» WHAT THE TASK REQUIRES: Given the records below, the lines starting at the line with "札幌市内での網戸の修理【98" and ending at the line with "This metal wall" should be output exactly, both end lines kept and pictures left out.

» RECORDS FOR THE EXERCISE:
───
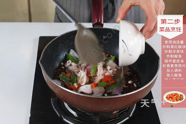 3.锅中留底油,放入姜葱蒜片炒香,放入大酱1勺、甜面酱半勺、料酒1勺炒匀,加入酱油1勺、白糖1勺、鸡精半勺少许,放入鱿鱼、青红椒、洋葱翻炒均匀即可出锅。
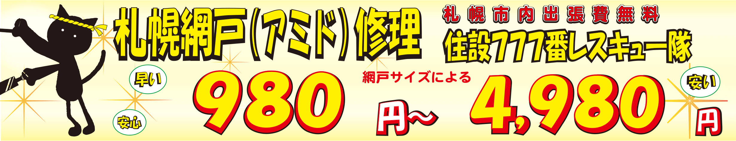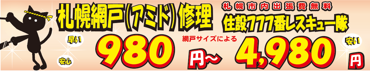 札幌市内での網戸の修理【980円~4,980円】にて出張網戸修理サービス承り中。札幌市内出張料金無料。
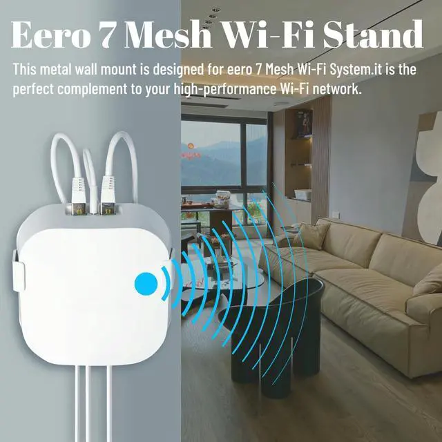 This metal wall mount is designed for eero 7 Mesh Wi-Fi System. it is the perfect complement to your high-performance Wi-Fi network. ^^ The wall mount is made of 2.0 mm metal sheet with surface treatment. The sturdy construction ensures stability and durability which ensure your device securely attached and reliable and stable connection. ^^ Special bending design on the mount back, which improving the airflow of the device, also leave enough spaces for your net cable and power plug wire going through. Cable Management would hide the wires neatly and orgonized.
───
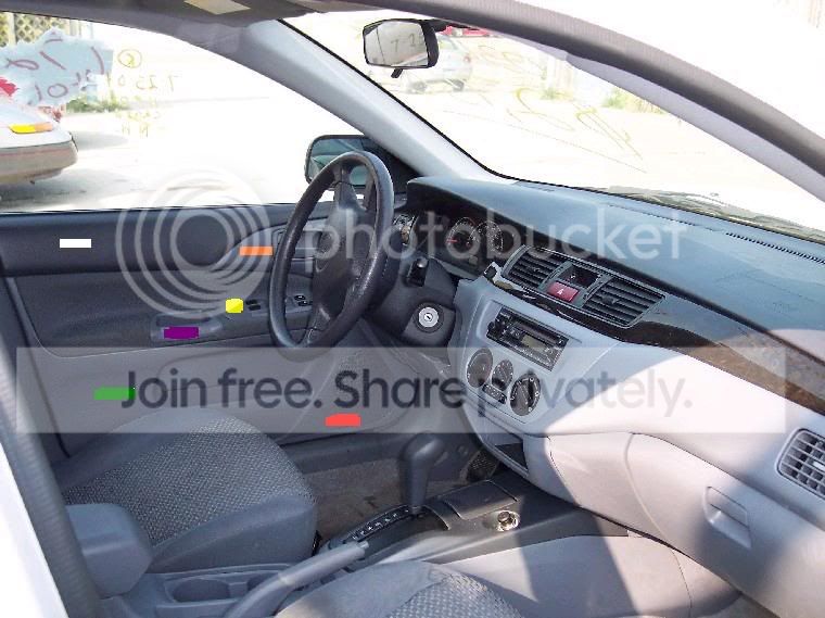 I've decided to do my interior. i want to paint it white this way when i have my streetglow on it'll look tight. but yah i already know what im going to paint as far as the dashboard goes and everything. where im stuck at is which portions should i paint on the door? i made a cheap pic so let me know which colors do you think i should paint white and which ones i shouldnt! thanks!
───
» ANSWER BOX:
 札幌市内での網戸の修理【980円~4,980円】にて出張網戸修理サービス承り中。札幌市内出張料金無料。
 This metal wall mount is designed for eero 7 Mesh Wi-Fi System. it is the perfect complement to your high-performance Wi-Fi network. ^^ The wall mount is made of 2.0 mm metal sheet with surface treatment. The sturdy construction ensures stability and durability which ensure your device securely attached and reliable and stable connection. ^^ Special bending design on the mount back, which improving the airflow of the device, also leave enough spaces for your net cable and power plug wire going through. Cable Management would hide the wires neatly and orgonized.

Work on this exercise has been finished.